--- INFORMATION SUPPLIED Enclosed Below ---

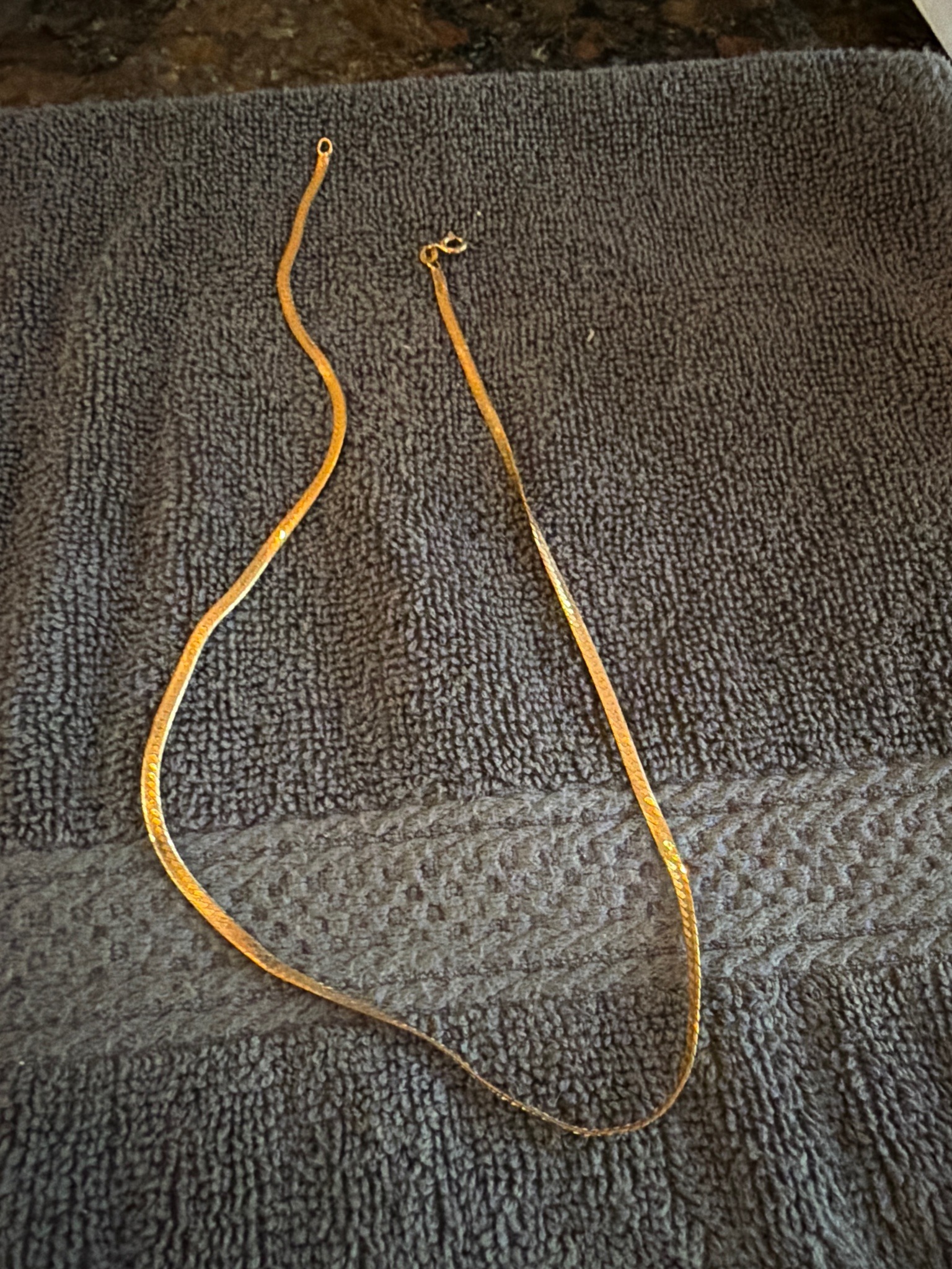 This is a yellow gold herringbone style necklace featuring a flat, flexible link construction designed to sit flush against the skin. The chain is composed of multiple tightly interlocked V-shaped links that create a smooth, liquid-like surface texture with a high-polished finish. While the exact length is not measured here, it appears to be a standard princess or matinee length (approximately 18-20 inches). The metal exhibits a warm, rich yellow hue consistent with 10k or 14k gold. The closure mechanism is a traditional spring ring clasp attached to a thin end ring. Regarding condition, the herringbone weave is notorious for its delicacy; this specimen shows several points of light kinking and unevenness in the lay of the links, particularly at the bottom curve, which is common for this vintage style. There are no obvious signs of soldering or repair, though slight surface scratches and minor oxidative patina are present. This style was highly popular during the late 20th century, specifically the 1980s and 1990s. The craftsmanship indicates a machine-made assembly typical of commercial fine jewelry, focused on achieving maximum reflective surface area through its flat-plane geometry.
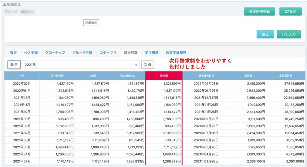 ホーム請求処理【リリース】請求残高タブにおいて次月請求額をわかりやすく表示するようにしました(2022/6/27リリース) 2022/06/27 2024/08/21「請求残高タブ」において「次月請求額」を色付けし、わかりやすく表示するようにしました。
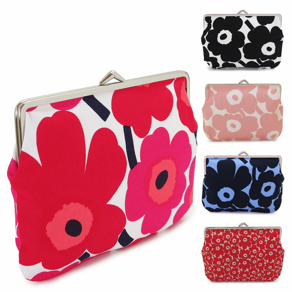 大きいお花のウニッコ柄を明るくキュートに施したマリメッコブランドポーチがおすすめ。たっぷりサイズのがま口スタイルなので、パチリと手早く開口できてメイク用品などたっぷりと収納できる人気の商品です。素適なカラーも沢山バリエーションされていますよ。
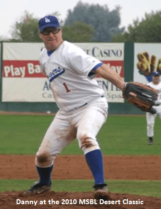 Danny has been pitching for about 18 years and has amassed somewhere in the vicinity of 320 victories. You can’t help but see him smiling and chucking in the MSBL World Series in Arizona for three weeks as well as in Las Vegas and Palm Springs, not to mention regional tournaments like the recent San Diego tourney.

--- End of Enclosed INFORMATION SUPPLIED ---

Give back the full listing exactly, with pictures dropped.

 This is a yellow gold herringbone style necklace featuring a flat, flexible link construction designed to sit flush against the skin. The chain is composed of multiple tightly interlocked V-shaped links that create a smooth, liquid-like surface texture with a high-polished finish. While the exact length is not measured here, it appears to be a standard princess or matinee length (approximately 18-20 inches). The metal exhibits a warm, rich yellow hue consistent with 10k or 14k gold. The closure mechanism is a traditional spring ring clasp attached to a thin end ring. Regarding condition, the herringbone weave is notorious for its delicacy; this specimen shows several points of light kinking and unevenness in the lay of the links, particularly at the bottom curve, which is common for this vintage style. There are no obvious signs of soldering or repair, though slight surface scratches and minor oxidative patina are present. This style was highly popular during the late 20th century, specifically the 1980s and 1990s. The craftsmanship indicates a machine-made assembly typical of commercial fine jewelry, focused on achieving maximum reflective surface area through its flat-plane geometry.
 ホーム請求処理【リリース】請求残高タブにおいて次月請求額をわかりやすく表示するようにしました(2022/6/27リリース) 2022/06/27 2024/08/21「請求残高タブ」において「次月請求額」を色付けし、わかりやすく表示するようにしました。
 大きいお花のウニッコ柄を明るくキュートに施したマリメッコブランドポーチがおすすめ。たっぷりサイズのがま口スタイルなので、パチリと手早く開口できてメイク用品などたっぷりと収納できる人気の商品です。素適なカラーも沢山バリエーションされていますよ。
 Danny has been pitching for about 18 years and has amassed somewhere in the vicinity of 320 victories. You can’t help but see him smiling and chucking in the MSBL World Series in Arizona for three weeks as well as in Las Vegas and Palm Springs, not to mention regional tournaments like the recent San Diego tourney.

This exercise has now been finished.